+++ EXTRACTED RECORDS

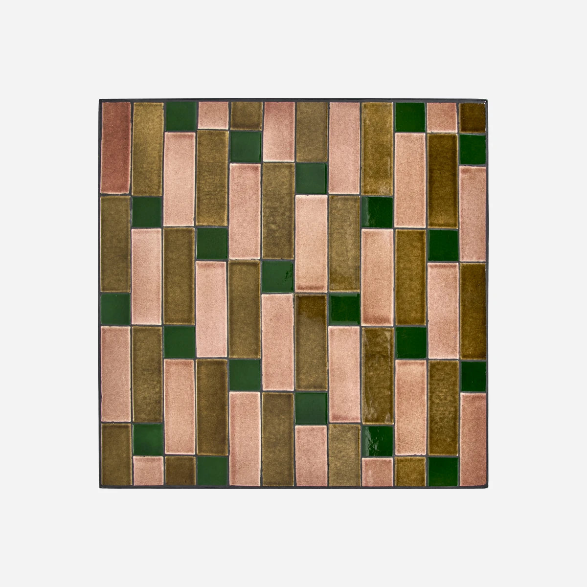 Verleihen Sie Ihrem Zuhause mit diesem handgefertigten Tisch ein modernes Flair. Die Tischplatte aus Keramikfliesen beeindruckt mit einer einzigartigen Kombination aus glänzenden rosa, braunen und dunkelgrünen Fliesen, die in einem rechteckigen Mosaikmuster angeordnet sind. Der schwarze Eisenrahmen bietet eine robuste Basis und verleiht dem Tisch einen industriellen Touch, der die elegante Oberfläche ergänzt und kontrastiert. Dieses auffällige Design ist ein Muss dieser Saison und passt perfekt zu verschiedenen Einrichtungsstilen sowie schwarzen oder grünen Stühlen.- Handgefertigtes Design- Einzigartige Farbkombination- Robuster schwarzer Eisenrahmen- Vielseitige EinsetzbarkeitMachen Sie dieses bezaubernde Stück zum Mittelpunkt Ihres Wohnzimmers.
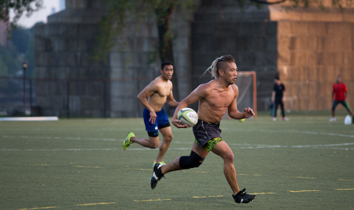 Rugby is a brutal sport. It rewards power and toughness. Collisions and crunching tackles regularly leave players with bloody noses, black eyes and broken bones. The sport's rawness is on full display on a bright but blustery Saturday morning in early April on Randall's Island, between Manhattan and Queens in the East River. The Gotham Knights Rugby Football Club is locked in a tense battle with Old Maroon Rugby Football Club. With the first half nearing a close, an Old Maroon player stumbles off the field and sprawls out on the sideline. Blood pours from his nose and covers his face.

++++++
+++ EXTRACTED RECORDS

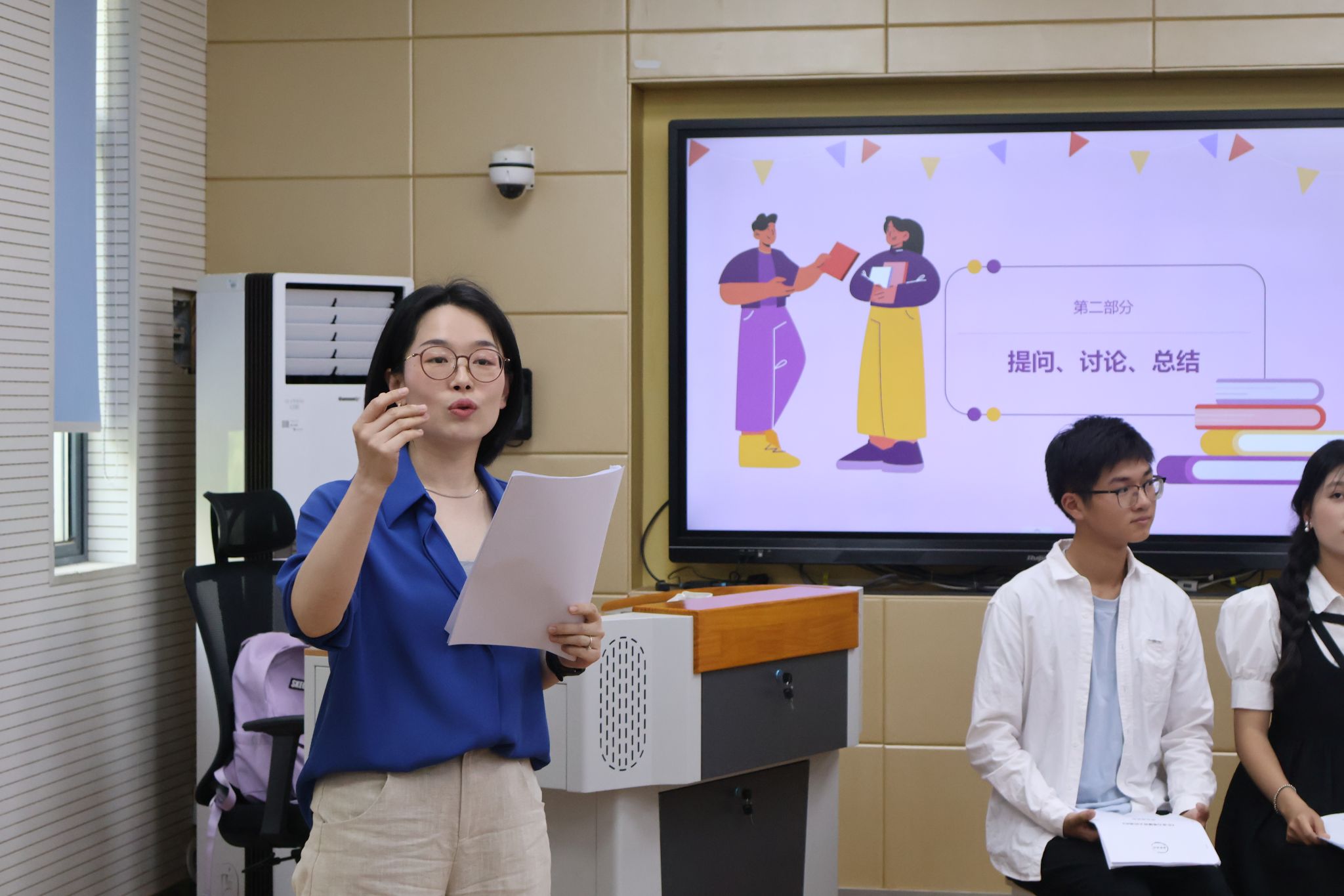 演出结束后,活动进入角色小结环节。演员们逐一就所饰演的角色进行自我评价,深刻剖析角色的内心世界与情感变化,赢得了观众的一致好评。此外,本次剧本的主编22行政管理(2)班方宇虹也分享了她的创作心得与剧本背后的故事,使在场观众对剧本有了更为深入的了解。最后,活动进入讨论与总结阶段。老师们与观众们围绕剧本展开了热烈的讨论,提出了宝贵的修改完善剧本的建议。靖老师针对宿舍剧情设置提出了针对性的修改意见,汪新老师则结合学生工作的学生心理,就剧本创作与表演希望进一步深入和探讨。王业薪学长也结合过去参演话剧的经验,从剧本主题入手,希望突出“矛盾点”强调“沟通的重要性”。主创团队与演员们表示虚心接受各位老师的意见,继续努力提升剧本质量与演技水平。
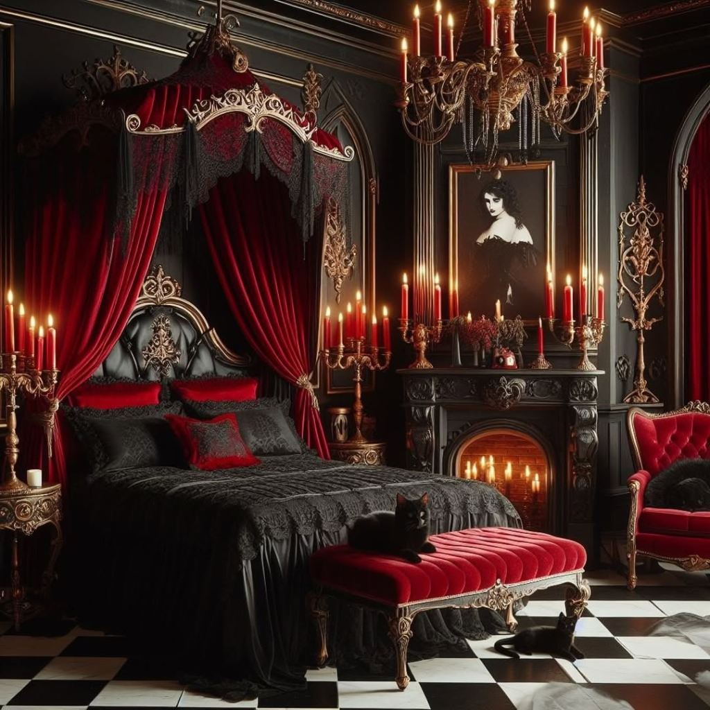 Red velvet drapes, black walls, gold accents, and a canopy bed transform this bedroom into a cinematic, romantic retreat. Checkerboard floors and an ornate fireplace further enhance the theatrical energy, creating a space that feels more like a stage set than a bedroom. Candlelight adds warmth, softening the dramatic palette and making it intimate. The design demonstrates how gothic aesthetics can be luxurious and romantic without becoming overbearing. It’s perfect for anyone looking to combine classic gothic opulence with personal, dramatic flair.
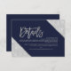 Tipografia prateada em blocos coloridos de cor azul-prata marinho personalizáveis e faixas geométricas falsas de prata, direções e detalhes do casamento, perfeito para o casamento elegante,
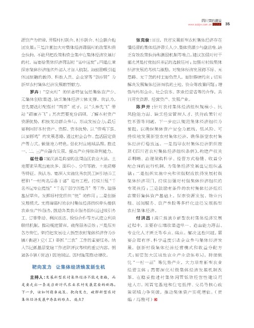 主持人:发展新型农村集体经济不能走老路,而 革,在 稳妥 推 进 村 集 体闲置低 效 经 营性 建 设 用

++++++

## REQUIRED ACTION:
Leave the pictures out, and transcribe exactly the lines above starting at the one that contains "Verleihen Sie Ihrem" and ending at the one that contains "Rugby is a brutal".

## REPLY TO THE EXERCISE:
 Verleihen Sie Ihrem Zuhause mit diesem handgefertigten Tisch ein modernes Flair. Die Tischplatte aus Keramikfliesen beeindruckt mit einer einzigartigen Kombination aus glänzenden rosa, braunen und dunkelgrünen Fliesen, die in einem rechteckigen Mosaikmuster angeordnet sind. Der schwarze Eisenrahmen bietet eine robuste Basis und verleiht dem Tisch einen industriellen Touch, der die elegante Oberfläche ergänzt und kontrastiert. Dieses auffällige Design ist ein Muss dieser Saison und passt perfekt zu verschiedenen Einrichtungsstilen sowie schwarzen oder grünen Stühlen.- Handgefertigtes Design- Einzigartige Farbkombination- Robuster schwarzer Eisenrahmen- Vielseitige EinsetzbarkeitMachen Sie dieses bezaubernde Stück zum Mittelpunkt Ihres Wohnzimmers.
 Rugby is a brutal sport. It rewards power and toughness. Collisions and crunching tackles regularly leave players with bloody noses, black eyes and broken bones. The sport's rawness is on full display on a bright but blustery Saturday morning in early April on Randall's Island, between Manhattan and Queens in the East River. The Gotham Knights Rugby Football Club is locked in a tense battle with Old Maroon Rugby Football Club. With the first half nearing a close, an Old Maroon player stumbles off the field and sprawls out on the sideline. Blood pours from his nose and covers his face.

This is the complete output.